おとやろぐ

イタリア製・ソ連製西部劇研究家見習い

テレンス・ヒル主演『マッテオ神父の事件簿』放送中

AXNミステリーチャンネルというスカパー!や各種ケーブルテレビで見られるミステリー専門チャンネルがあるんですが、そこで2月から『マッテオ神父の事件簿』(Don Matteo)というテレンス・ヒルが主演するホームドラマ的な要素が強いミステリードラマが放送されています。

本作は今から16年前の2000年に第1シーズンが放送され、現在イタリアでは第10シーズンが放送されているという、ヒットドラマ。イタリア中部にあり、唯一の内陸州であるウンブリア州のグッビオ(実際にあるコムーネで、ペルージャの北東に位置します)を舞台に、困った人を放っておけない神父マッテオ(ヒル)が、持ち前の洞察力と愛情を駆使して事件を解決していく、というストーリー。

AXNミステリーチャンネルでは、何故だかわかりませんが、イタリアでは2009年に放送された第7シーズンからの放送。今のところ「全24話」というアナウンスなので第7シーズンしか放送予定はないようですが、もっと前のシーズンや新作も放送してくれるといいなぁ。

登場人物の人間関係など、シリーズを通して進展していく部分もありつつ、謎解き要素は1話完結で進んで行くため、どこからでも見られるのも魅力ですね。また、今のところAXNミステリーでは第1話、第2話が放送されているのですが、殺人事件は起きておらず、基本的に(被害者を含め)関係者が皆何となく納得する形でお話が終わるので安心してみていられる、そういうタイプのドラマです。

さて、主演のテレンス・ヒル。ぼくらマカロニウエスタンクラスタには説明不要の名俳優です。本作を紹介するサイトの中には「ビスコンティの『山猫』にも出演した」という言葉でヒルを説明しているものもあります。確かにそれはその通りなんですが、ヒルのイタリアでの人気を説明するには不十分です。

テレンス・ヒルがマカロニウエスタンに登場するのはフランコ・ネロが主演して日本でも大ヒットした『続 荒野の用心棒』(Django)の続編に位置付けられることもある作品『皆殺しのジャンゴ 復讐の機関砲』から。制作会社としては、ジャンゴ役には前作から引き続きネロを当てようとしていたらしいのですが、ネロは『キャメロット』の撮影でアメリカに行ってしまい、いつまで経っても帰って来ない。そこで仕方なく、ネロに似た俳優を、ということでヒルを起用して製作されたのが『皆殺しのジャンゴ〜』でした。本作のヒルは『マッテオ神父の事件簿』でも見せている明るいキャラクターは抑え、復讐に燃える暗い男を演じています。

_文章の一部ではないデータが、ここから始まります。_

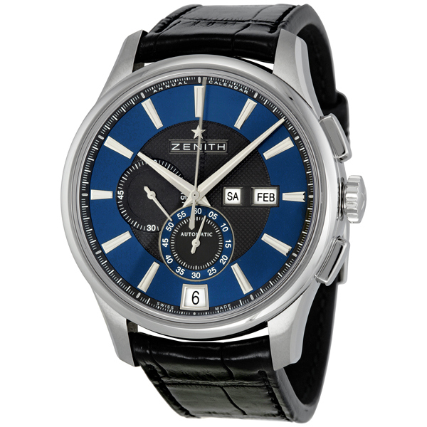 Silver-tone stainless steel case with a black (alligator) leather strap. Fixed silver-tone stainless steel bezel. Blue and black dial with luminous silver-tone hands and index hour markers. Minute markers around the outer rim. Dial Type: Analog. Luminescent markers. Date display at the 6 o'clock position. day of the week and month display at the 3 o'clock position. Chronograph - two sub-dials displaying: 60 second and 60 minute. Zenith Calibre El Primero 4054 Automatic movement, based upon Zenith El Primero 400, containing 341 Jewels, bitting at 36000 vph, and has a power reserve of approximately 50 hours. Scratch resistant anti-reflective sapphire crystal. Pull / push crown. Skeleton case back. Round case shape, case size: 42 mm, case thickness: 14 mm. Band width: 20 mm, band length: 8.5 inches. Tang clasp. Water resistant at 50 meters / 165 feet. Functions: annual calendar, chronograph, column wheel, month, date, day, hour, minute, small second. Captain Winsor Chronograph Series. Luxury watch style. Watch label: Swiss Made. Zenith Captain Winsor Automatic Chronograph Black and Blue Dial Mens Watch 032070405422C708.

そんなヒルが本作にもつながる明るいキャラクターを演じて人気者になったのが、その後長らくコンビを組むことになるバッド・スペンサーと共演した『風来坊/花と夕陽とライフルと…』でした(ただし、ヒルとスペンサーの共演作は本作以前にもあり、本邦未公開のマカロニウエスタンDio perdona... Io no!』、あるいは直接の共演シーンはないものの、サンダル史劇『ハンニバル』まで遡れます)。本作のコメディ要素は日本でこそあまり受けませんでしたが、本国イタリアでは大受け。続編である『風来坊 II/ザ・アウトロー』は日本未公開ながら、イタリアではマカロニウエスタン最高の興行収入を叩き出しています。

テレンス・ヒルとバッド・スペンサーはその後、現代劇でもコンビを組み、80年代まで多くのコメディ・アクション映画を生み出して行きました。本国イタリアはもちろん、ドイツでも彼らの映画は非常に人気があり、今でも映像ソフトを手に入れることができます。

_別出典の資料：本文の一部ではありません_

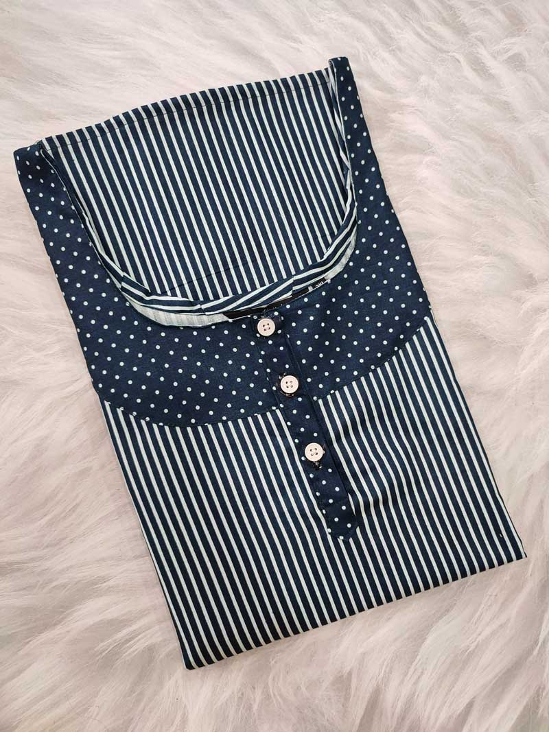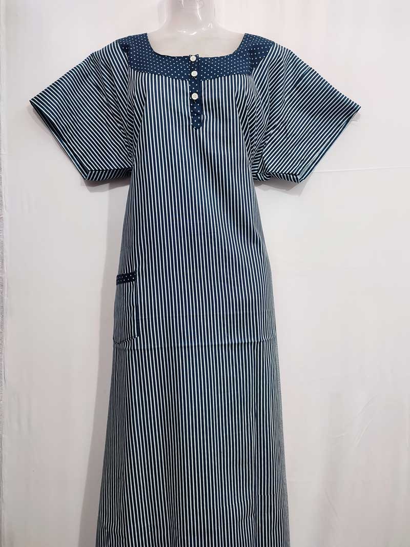Comfortable Churidar Model Cotton Nighty with Buttons – 57 Inches Long – Blue + White Line
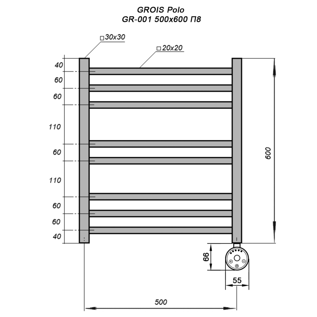 Полотенцесушитель электрический Grois Polo GR-001 500х600 П8 (3+2+3) RAL9005 черный матовый - цена 11430 руб. Оформить заказ и купить полотенцесушитель Grois Polo GR-001 500х600 П8 (3+2+3) RAL9005 черный матовый в Москве в нашем интернет магазине можно по тел 8 (919) 991-95-00 или добавив товар в корзину.

また、2010年には彼らのイタリア映画界への長年の貢献に対し、イタリアのアカデミー賞的な位置付けの映画賞、ダヴィッド・ディ・ドナテッロ賞の生涯貢献賞が送られています。

そんなヒルでしたが、90年代以降は活躍の主な舞台をテレビドラマに移し、コメディ西部劇『ルーク&ジョリー/おいらのご主人、保安官』(Lucky Luke)や、それに続く本作で主演を勤めています。

今年でもう77歳になる(第7シーズン公開時は70歳!)テレンス・ヒルですが、坂の多いグッビオを自転車で颯爽と駆け抜ける姿は歳を全く感じさせない若々しさ。テレンス・ヒル ファンが必見なのはもちろんですが、往年のマカロニウエスタンファン(特にヒル主演作(『ミスター・ノーボディ』とか!)ファン)、そしてほのぼの系人情ミステリーがお好きな方には是非是非お勧めしたいドラマです。